WHAT TO WORK ON: Exactly the lines from the one containing "17329 - قَالَ" through the one containing "栗だけでなく、フルーツやチー" in the listing below are to be copied, with the pictures left out.

RECORDS FOR THIS EXERCISE:

[Start of Attachment]

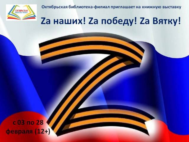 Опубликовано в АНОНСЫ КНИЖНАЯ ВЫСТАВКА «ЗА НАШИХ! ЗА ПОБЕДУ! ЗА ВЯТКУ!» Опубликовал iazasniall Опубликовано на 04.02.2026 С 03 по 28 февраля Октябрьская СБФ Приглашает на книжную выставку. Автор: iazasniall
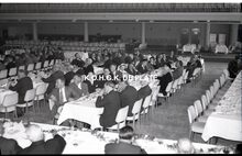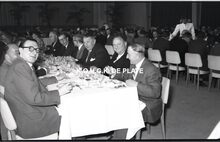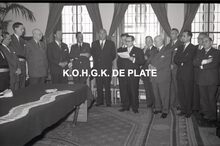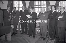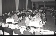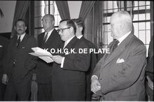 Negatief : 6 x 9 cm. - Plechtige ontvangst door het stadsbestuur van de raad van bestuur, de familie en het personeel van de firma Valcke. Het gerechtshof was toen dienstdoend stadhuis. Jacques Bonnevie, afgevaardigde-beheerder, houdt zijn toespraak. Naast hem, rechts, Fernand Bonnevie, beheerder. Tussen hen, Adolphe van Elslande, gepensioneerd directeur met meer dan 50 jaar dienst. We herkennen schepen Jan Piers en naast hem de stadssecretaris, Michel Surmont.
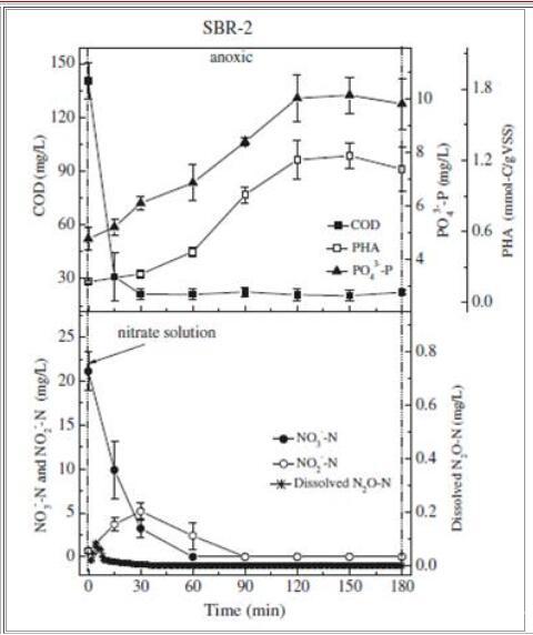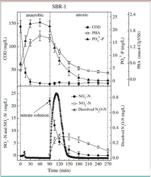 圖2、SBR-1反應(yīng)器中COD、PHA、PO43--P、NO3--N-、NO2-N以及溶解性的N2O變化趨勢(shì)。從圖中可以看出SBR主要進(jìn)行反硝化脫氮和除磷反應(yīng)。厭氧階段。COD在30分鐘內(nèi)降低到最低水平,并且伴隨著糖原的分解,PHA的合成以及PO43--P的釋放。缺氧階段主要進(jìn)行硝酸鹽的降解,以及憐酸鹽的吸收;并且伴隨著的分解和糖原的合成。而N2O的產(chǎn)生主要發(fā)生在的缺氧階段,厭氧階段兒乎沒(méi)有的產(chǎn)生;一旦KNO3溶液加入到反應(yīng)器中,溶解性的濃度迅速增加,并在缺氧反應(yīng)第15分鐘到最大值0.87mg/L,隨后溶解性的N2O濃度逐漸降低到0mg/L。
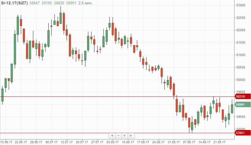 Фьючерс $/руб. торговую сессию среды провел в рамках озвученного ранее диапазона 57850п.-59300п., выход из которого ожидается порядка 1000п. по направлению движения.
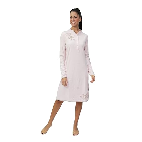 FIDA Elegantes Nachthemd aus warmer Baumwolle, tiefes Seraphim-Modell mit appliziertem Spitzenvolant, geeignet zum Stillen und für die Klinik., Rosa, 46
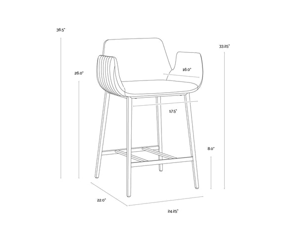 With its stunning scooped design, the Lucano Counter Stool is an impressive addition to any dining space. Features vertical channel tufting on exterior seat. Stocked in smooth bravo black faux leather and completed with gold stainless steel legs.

[End of Attachment]
[Start of Attachment]

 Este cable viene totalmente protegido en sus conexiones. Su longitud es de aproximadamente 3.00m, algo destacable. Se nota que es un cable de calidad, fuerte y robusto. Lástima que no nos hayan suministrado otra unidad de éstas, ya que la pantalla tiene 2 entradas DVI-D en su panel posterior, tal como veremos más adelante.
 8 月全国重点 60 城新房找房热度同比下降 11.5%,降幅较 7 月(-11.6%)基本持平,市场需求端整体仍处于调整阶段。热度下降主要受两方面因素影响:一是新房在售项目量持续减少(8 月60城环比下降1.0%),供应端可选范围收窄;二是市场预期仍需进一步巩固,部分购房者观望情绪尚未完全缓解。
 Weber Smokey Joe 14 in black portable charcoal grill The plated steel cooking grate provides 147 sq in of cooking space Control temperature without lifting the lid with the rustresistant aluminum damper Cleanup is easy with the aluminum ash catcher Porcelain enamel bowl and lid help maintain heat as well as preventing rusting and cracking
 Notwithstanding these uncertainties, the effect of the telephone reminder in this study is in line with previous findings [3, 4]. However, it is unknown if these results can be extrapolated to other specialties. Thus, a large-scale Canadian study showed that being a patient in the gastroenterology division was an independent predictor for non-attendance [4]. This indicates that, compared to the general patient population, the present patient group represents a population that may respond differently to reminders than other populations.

[End of Attachment]
[Start of Attachment]

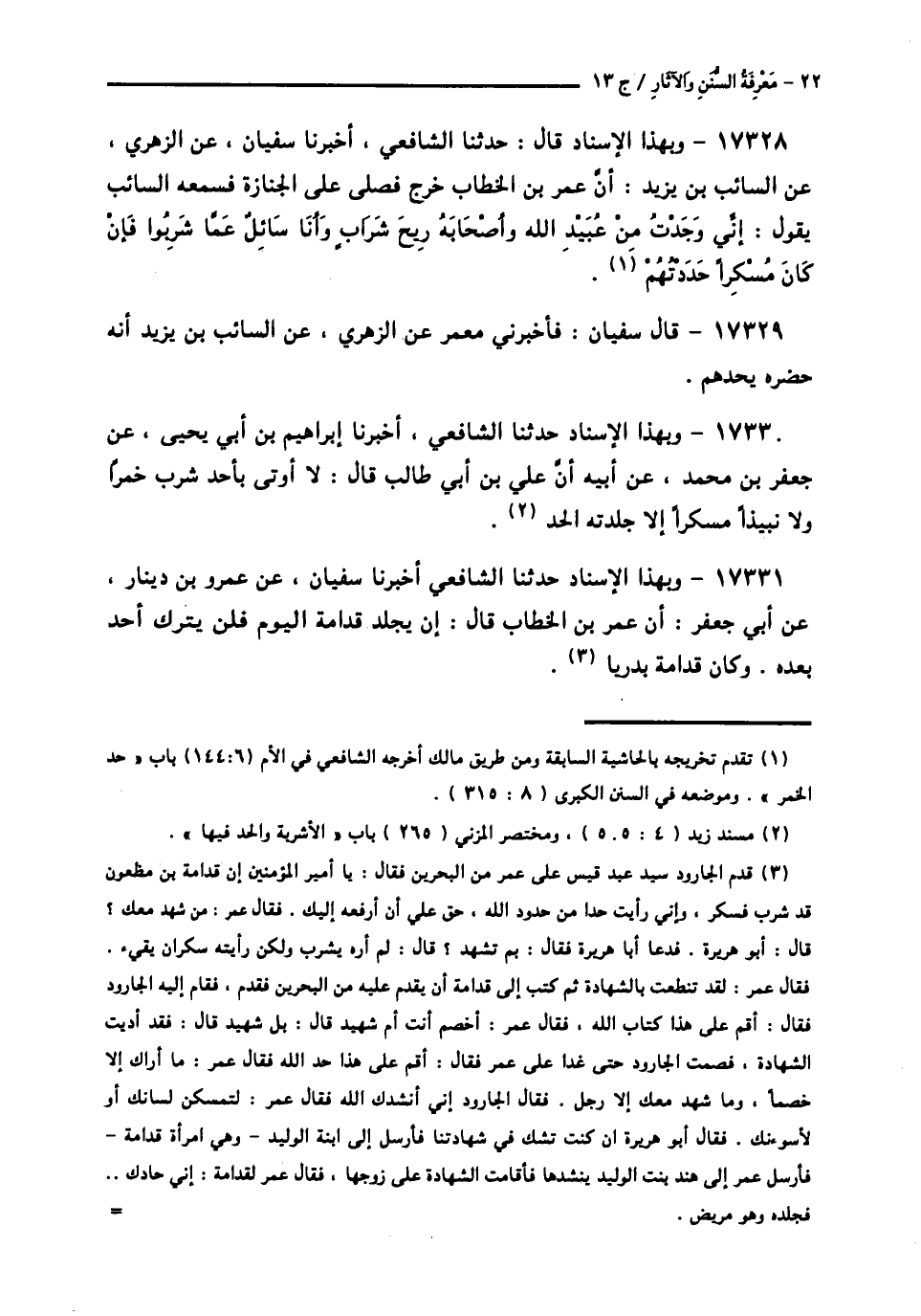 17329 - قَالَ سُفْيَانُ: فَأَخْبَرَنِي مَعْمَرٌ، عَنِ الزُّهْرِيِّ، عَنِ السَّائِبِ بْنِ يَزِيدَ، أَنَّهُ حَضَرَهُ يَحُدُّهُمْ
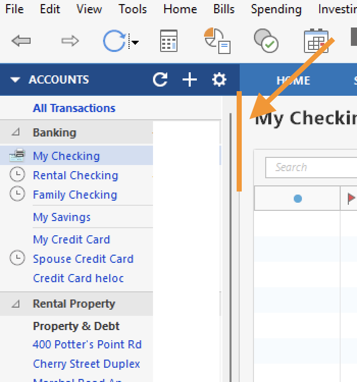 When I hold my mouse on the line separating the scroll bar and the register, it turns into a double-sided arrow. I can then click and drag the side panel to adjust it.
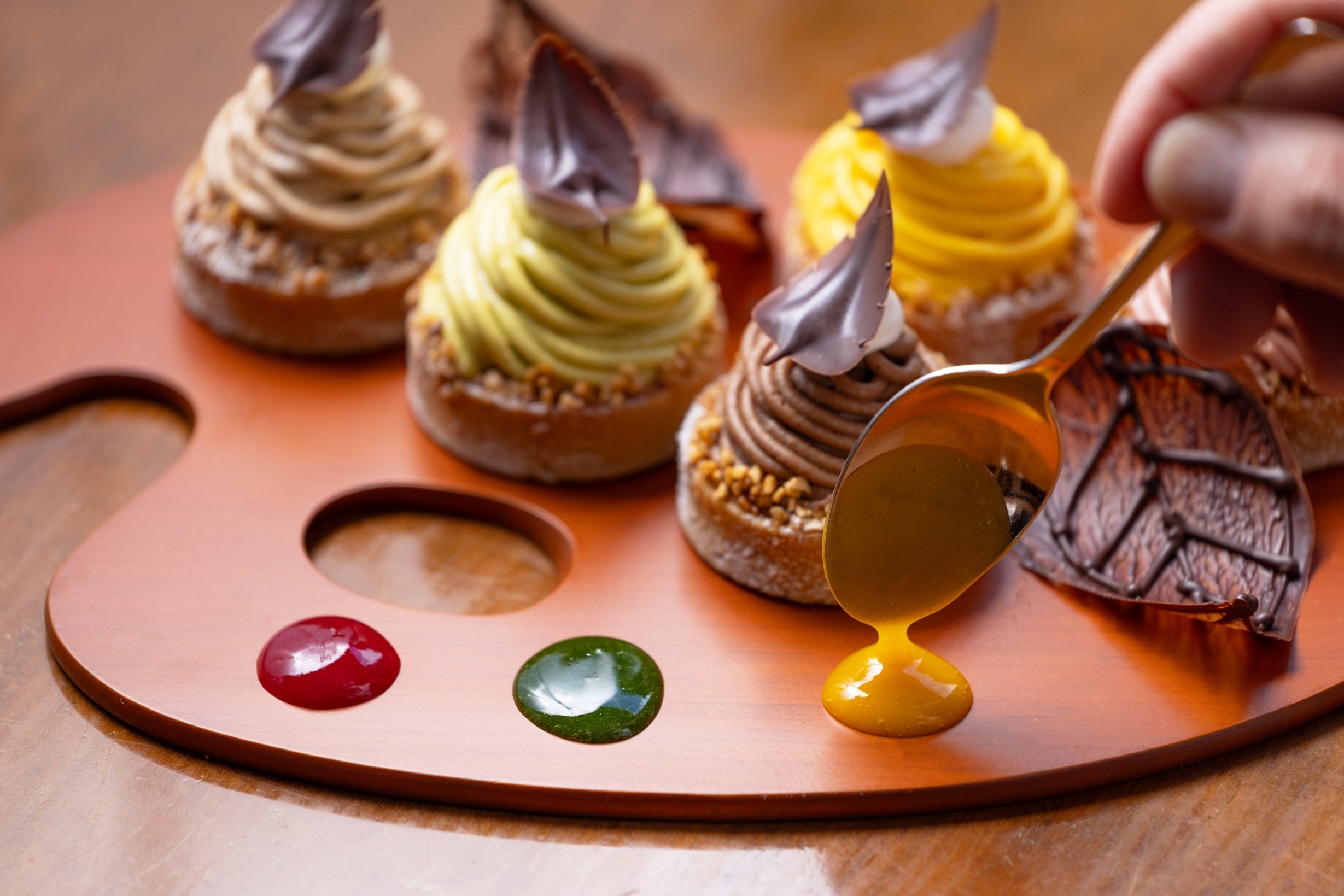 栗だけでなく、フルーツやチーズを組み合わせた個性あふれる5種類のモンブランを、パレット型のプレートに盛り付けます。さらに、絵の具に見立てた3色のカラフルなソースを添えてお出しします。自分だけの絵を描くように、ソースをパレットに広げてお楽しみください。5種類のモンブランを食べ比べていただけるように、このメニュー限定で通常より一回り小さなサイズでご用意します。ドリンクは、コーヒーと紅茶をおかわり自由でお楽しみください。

[End of Attachment]

ANSWER FOR THIS EXERCISE:
 17329 - قَالَ سُفْيَانُ: فَأَخْبَرَنِي مَعْمَرٌ، عَنِ الزُّهْرِيِّ، عَنِ السَّائِبِ بْنِ يَزِيدَ، أَنَّهُ حَضَرَهُ يَحُدُّهُمْ
 When I hold my mouse on the line separating the scroll bar and the register, it turns into a double-sided arrow. I can then click and drag the side panel to adjust it.
 栗だけでなく、フルーツやチーズを組み合わせた個性あふれる5種類のモンブランを、パレット型のプレートに盛り付けます。さらに、絵の具に見立てた3色のカラフルなソースを添えてお出しします。自分だけの絵を描くように、ソースをパレットに広げてお楽しみください。5種類のモンブランを食べ比べていただけるように、このメニュー限定で通常より一回り小さなサイズでご用意します。ドリンクは、コーヒーと紅茶をおかわり自由でお楽しみください。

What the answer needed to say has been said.